Michael touring Chapleau on his tricycle bridges the great divide

My home town of Chapleau, Ontario has an incredibly rich history starting from around 1885 when the first settlers arrived with the Canadian Pacific Railway, and members of my family, the Mulligan side, were there in the beginning of the community. Of course my First Nations friends were in the area earlier and have played a most significant role in the life of the community.

Before the Chapleau High School 90th anniversary reunion festival in 2012 I was last home in 2001 for the celebration of the 100th anniversary of Chapleau, invited by the council of the day as a former reeve (mayor) and the guest of my dear friend Dr. G.E. Young. While home then and in 2012,  I was most appreciative of all those who spoke so kindly of my mother, Muriel E. Morris, who taught them at Chapleau Public School over the 32 years she was on the staff there. In 2012 I was invited by the committee to be part of the program.

I was born in Hamilton but raised in Chapleau attending Chapleau Public School and Chapleau High School.

And now let me share some personal moments from my life as little boy on his tricycle, growing up in Chapleau in the 1940s as I bridged the great divide created by the CPR tracks going through the centre of town as I travelled from our house on Grey Street, "uptown", and over the old overhead bridge to my grandparents' house on Elgin Street on "the other side of town." When my grandmother Morris went over the bridge, she was going "overtown."  (Photo of me taken in 1948 with my Mom in front of Boston Cafe as we head for the overhead bridge,)

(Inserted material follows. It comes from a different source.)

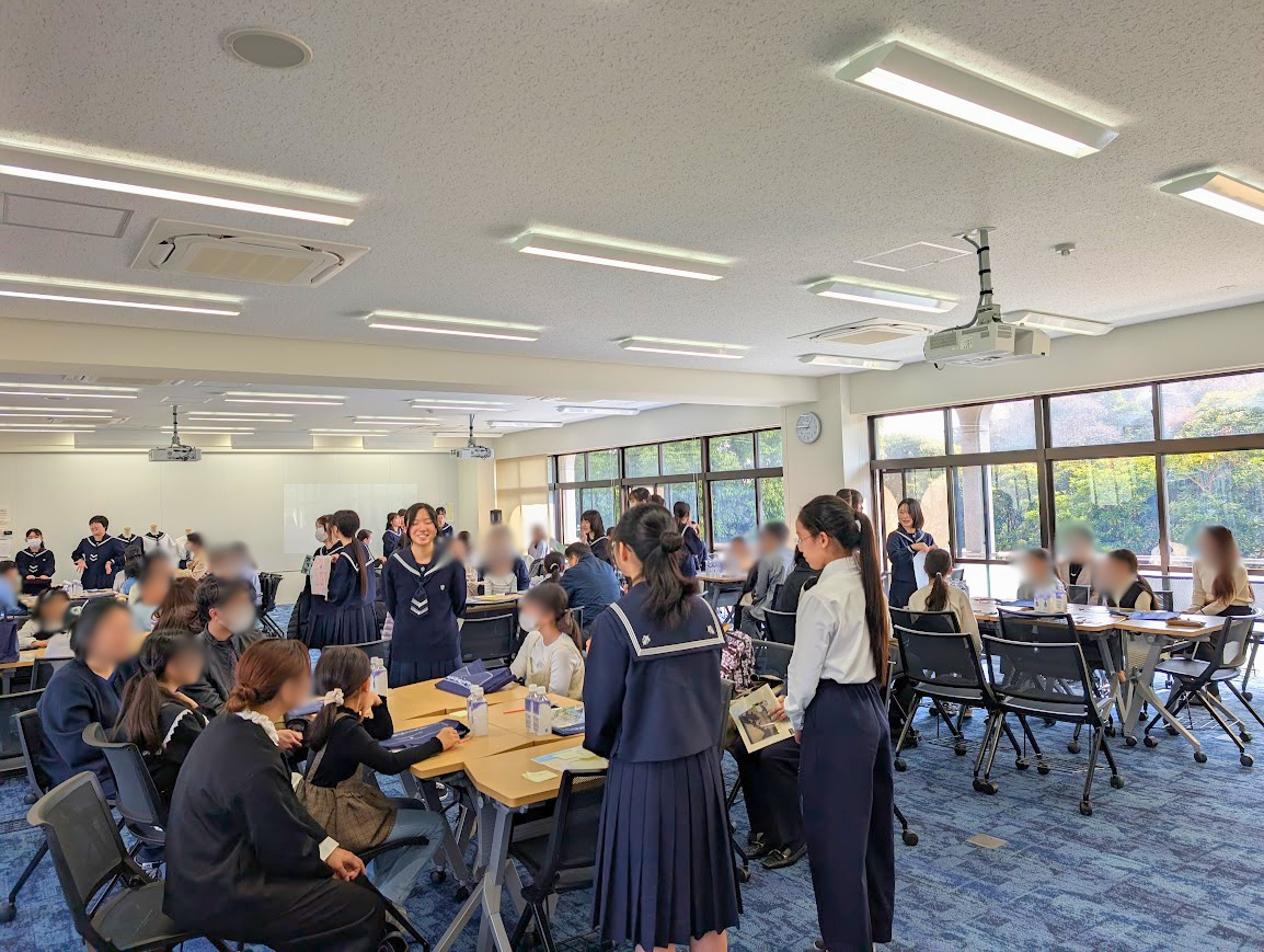 中庭の桜が咲き始め、遠く相模湾まで一望できる春爛漫の景色の中、施設の見学だけでなく、生徒たちの笑顔と温かなおもてなしを通じて、本校のありのままの雰囲気を感じていただける貴重な機会となりました。

My grandparents Harry and Lil (Muliigan) Morris
I had family on both sides of the tracks. Mom's parents, George and Edith Hunt, who had come to Chapleau from the United Kingdom prior to World War I lived with us on Grey Street and my Dad's parents Harry and Lil Morris on Elgin Street.

My grandmother Morris was a Mulligan and a member of one of Chapleau's founding families, while Grandpa Morris came to work on the CPR from Ottawa early in the 20th century. My father James E. Morris was killed on active service in the RCAF during World War II in 1943.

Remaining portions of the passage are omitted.